I'm in New Jersey. I decided to go with 1/8 inch. I had it at 1/4 and I could feel the incline. 
Here's where I'm at so far. Need to run the compactor across this and see how we are doing. 
Thanks again for all the advice.


----------



## topher0524 (Feb 9, 2009)

Here is where I'm at currently. Still need to cut the curves around the circle. 





























Anybody have recommendations on the best way to cut curves into the pavers?


----------



## ddawg16 (Aug 15, 2011)

topher0524 said:


> Anybody have recommendations on the best way to cut curves into the pavers?


Very carefully. 

I used a masonry blade on my circular saw....I would score the top....say about 1/2" and then whack it with a hammer.
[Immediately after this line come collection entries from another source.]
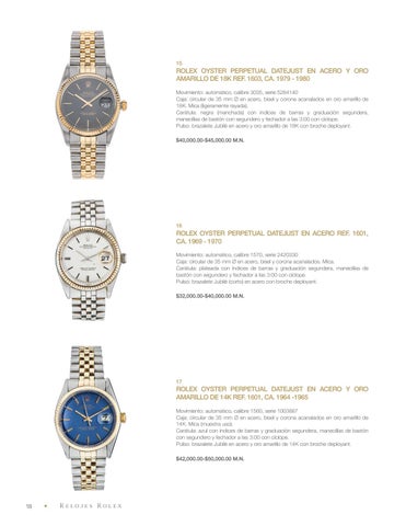 ROLEX OYSTER PERPETUAL DATEJUST EN ACERO REF. 1601, CA. 1969 - 1970 Movimiento: automático, calibre 1570, serie 2420330 Caja: circular de 35 mm Ø en acero, bisel y corona acanalados. Mica. Carátula: plateada con índices de barras y graduación segundera, manecillas de bastón con segundero y fechador a las 3:00 con cíclope. Pulso: brazalete Jubilé (corto) en acero con broche deployant. $32,000.00-$40,000.00 M.N.
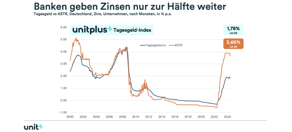 UnitPlus Business konzentriert sich auf die Herausforderungen, die sich aus der schleppenden Weitergabe von Zinserhöhungen durch Banken an ihre Einleger:innen in Deutschland ergeben. Obwohl die Europäische Zentralbank (EZB) die Zinssätze in den vergangenen Jahren erhöht hat, geben die Banken oft nur einen Bruchteil dieser Erhöhungen weiter, so dass die Einlagenzinsen niedrig bleiben (1,78 % ab Juli 2024). Dies steht in starkem Gegensatz zu Geldmarktfonds, deren Renditen sich stärker an den EZB-Zinsen orientieren (UnitPlus Business erzielte im Juli 24 eine annualisierte Rendite von 3,67 %).
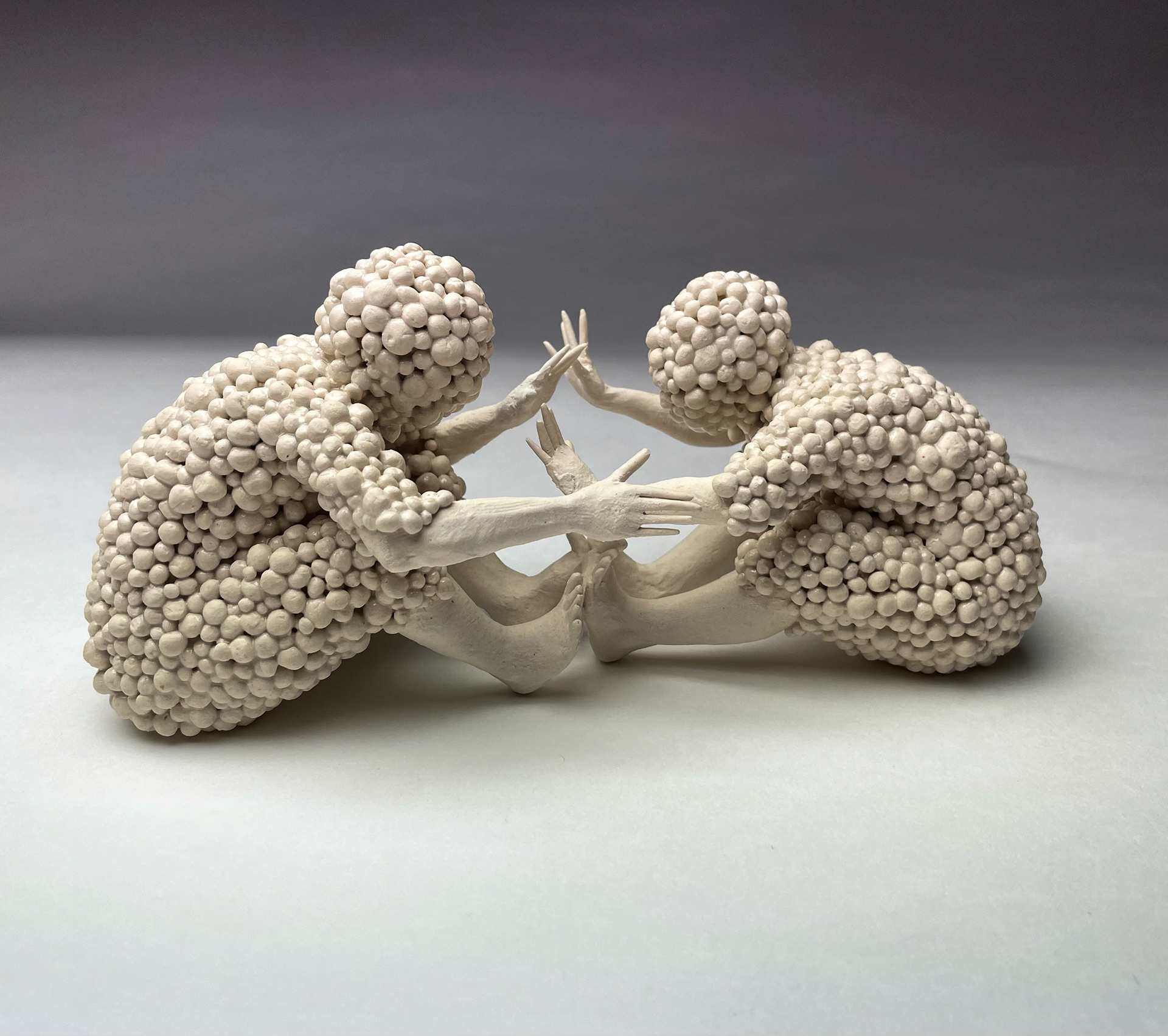 A true embrace is when our bodies meld into one another, often creating an effervescent, bubbly sensation that makes us feel truly together. These two porcelain figures reach out; their extremities acting like antennae sensing for the other in desperation to conjoin again.
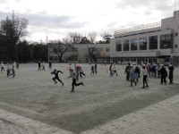 今朝は児童集会で環境委員会主催の集会を行いました。今、集会委員会は「服のちからプロジェクト」への協力活動を行っています。その活動で現時点までに集まっている子供服を体育館に並べて、全校児童に活動をPRしました。目標は3000枚の子供服です。現在は1300枚。11月2日までの回収期限に向けて、力のこもった呼び掛けを集会で行いました。毎年、このプロジェクトへの協力を通して、戦争やそれに伴う難民が存在する事実に向き合い、考える機会になっています。
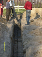 Dziś krócej nieco, bo już pora późna, a i na budowie ilościowo jakoś za wiele się nie działo. Ot, chłopaki kręcili od rana zbrojenia i układali je nad wykopem.
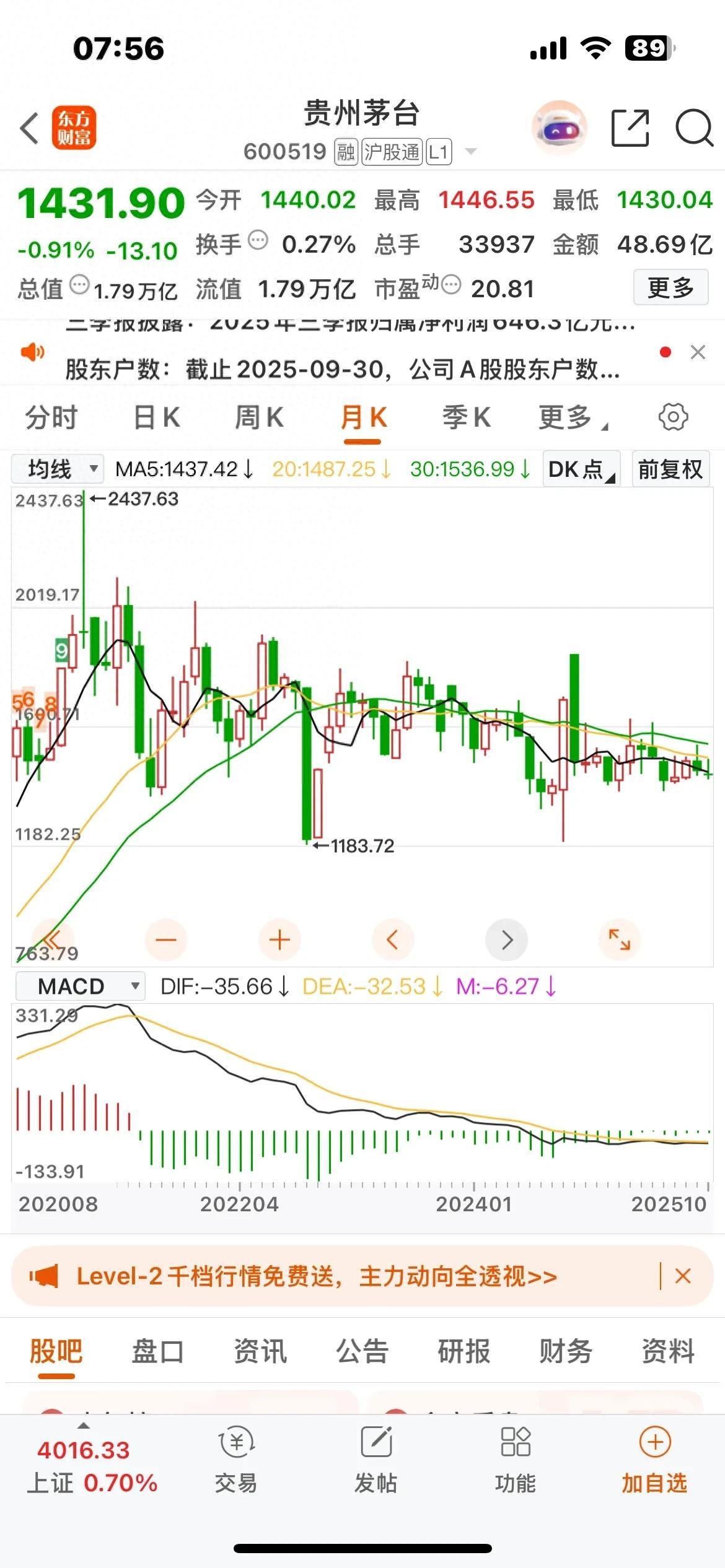 • 场景:隆基股份在下跌过程中,总会时不时拉出涨停,比如2025年10月就有过涨停行情,让套牢者觉得“反弹来了”;茅台也多次在1400-1500元区间出现小幅反弹,配合“三季报净利润900亿”的消息,制造“反转信号”。
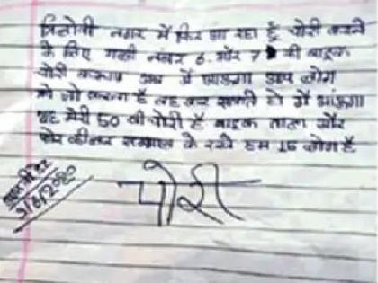 चोराच्या उलट्या बोंबा अशा होत्या की, त्याने चोरीच्या अगोदर खुले आव्हानस्वरूपात पत्र स्थानिक रहिवासी आणि पोलिसांसाठी परिसरात फेकले आणि त्यासोबत दोन बांगड्याही ठेवल्या होत्या. पत्रात चोरट्याने असे सांगितले आहे की, येत्या काळात तो या भागात चोरी करणार आहे तसेच ते 15 लोक आहेत आणि ही त्यांची 50 वी चोरी असेल आणि रहिवाशांना धमकी देताना इशारा दिला आहे की, त्याने आपली दुचाकी,चारचाकी वाहन सांभाळून ठेवा, कारण आम्ही लवकरच येत आहोत. हे पत्र मिळाल्यानंतर आणि ते वाचल्यानंतर सर्व रहिवासी घाबरले आहेत.
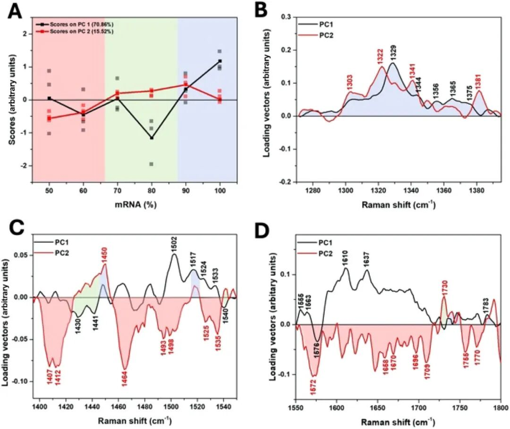 主成分分析(PCA):清楚地揭示出,1270 - 1800 cm⁻¹波数范围内的光谱变化和脂质含量高度相关。这一区域正好对应mRNA碱基的环振动模式,说明当mRNA和脂质相互作用或被包裹时,其碱基的微环境改变了。
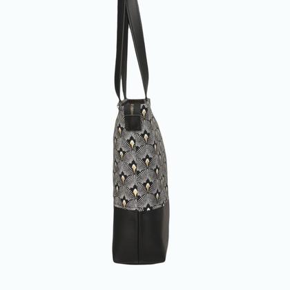 Die Tasche hat einem Lederboden aus Glattleder. Der Oberstoff ist aus strapazfähigen Jaquardstoff (45 % Polyester, 35% Acryl und 20 % Baumwolle). Die Lederriemen sind 68 cm lang und 25 mm breit. Wahlweise können sie länger oder kürzer gearbeitet werden. Die Tasche ist mit schwarzem Innenfutter ausgestattet. Das Innenfutter hat eine Reissverschlusstasche (23x20 cm) und 3 weitere Fächer. Maße: 30x39x9 cm 430 g Hergestellt in einer kleinen Werkstätte in St. Georgen am Walde.
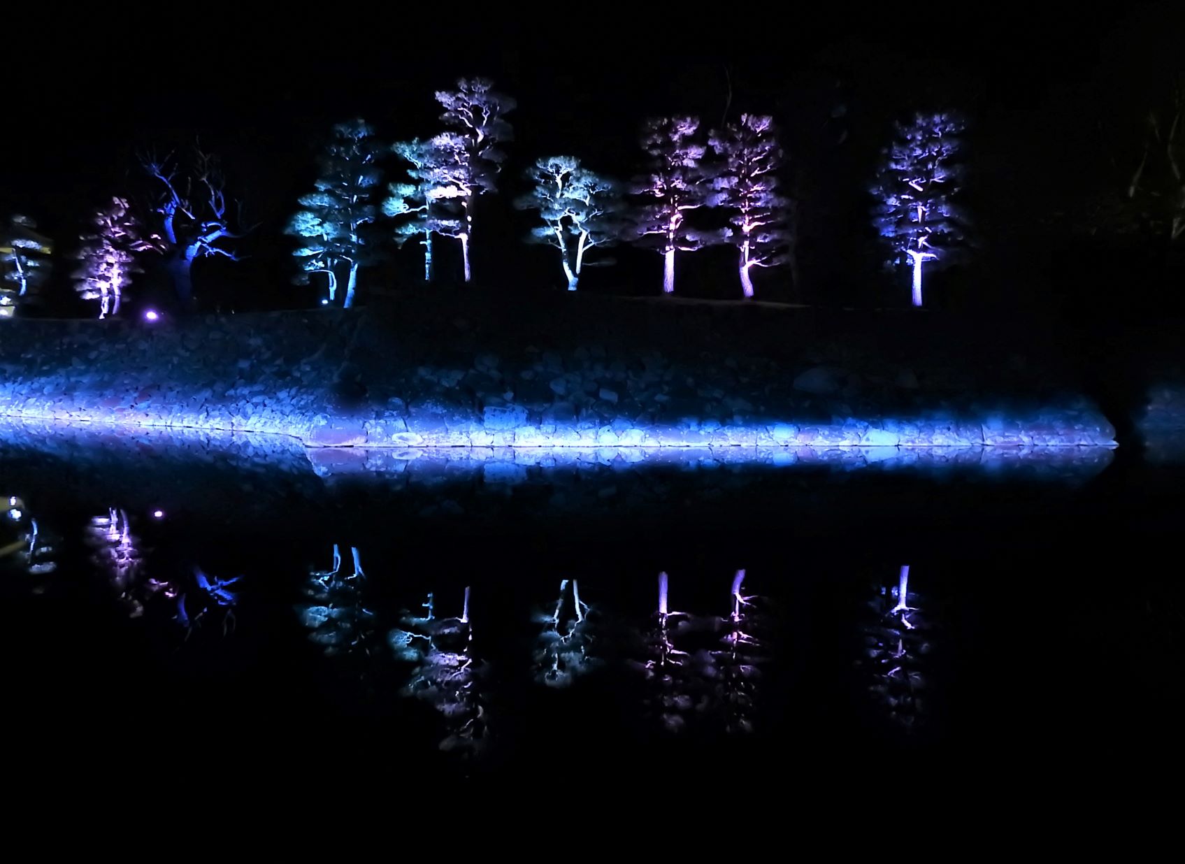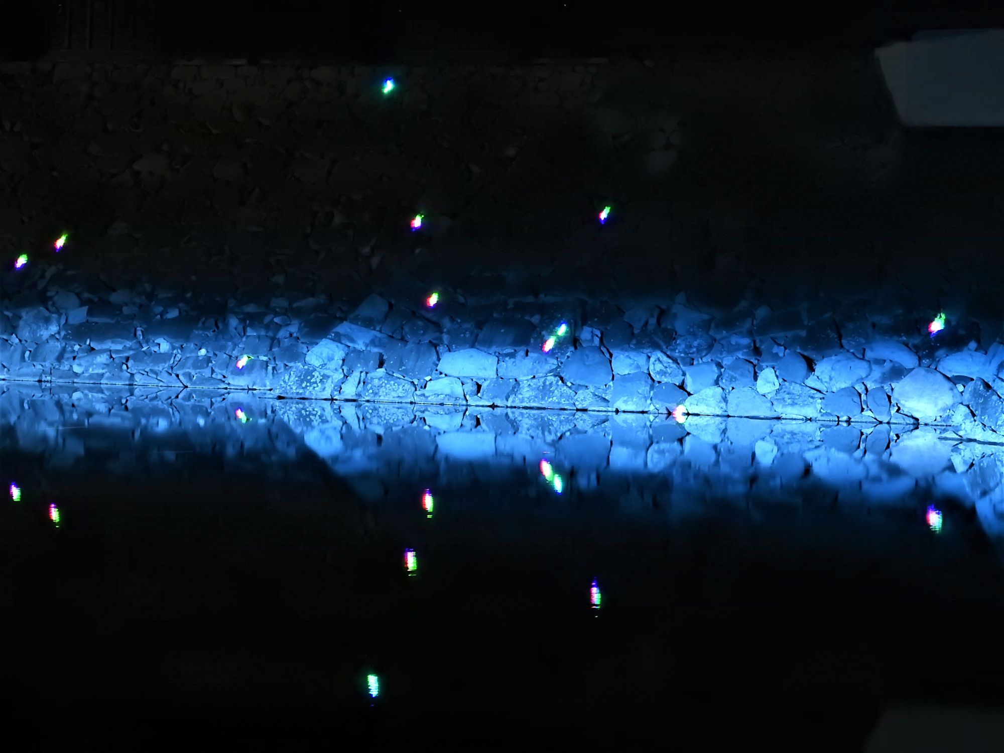 Die Wassertropfen, die sich über die Burg ergießen, die blauen Schneeflocken und das beleuchtete Wäldchen entführen in eine surreale Welt.

In 'most' cases the end would break off nicely and only require a little 'clean up' with a hammer. Yea....I lost a couple in the process.

Before I cut the edges...



And after.....



And...BTW.....real nice job.....looking forward to seeing the final result.


----------



## AGWhitehouse (Jul 1, 2011)

Great Job! Score, break, chip like ddawg said...


----------



## topher0524 (Feb 9, 2009)

So I finished the patio a few months ago but just laid some seed down and finally have it at a good spot to post a photo.


----------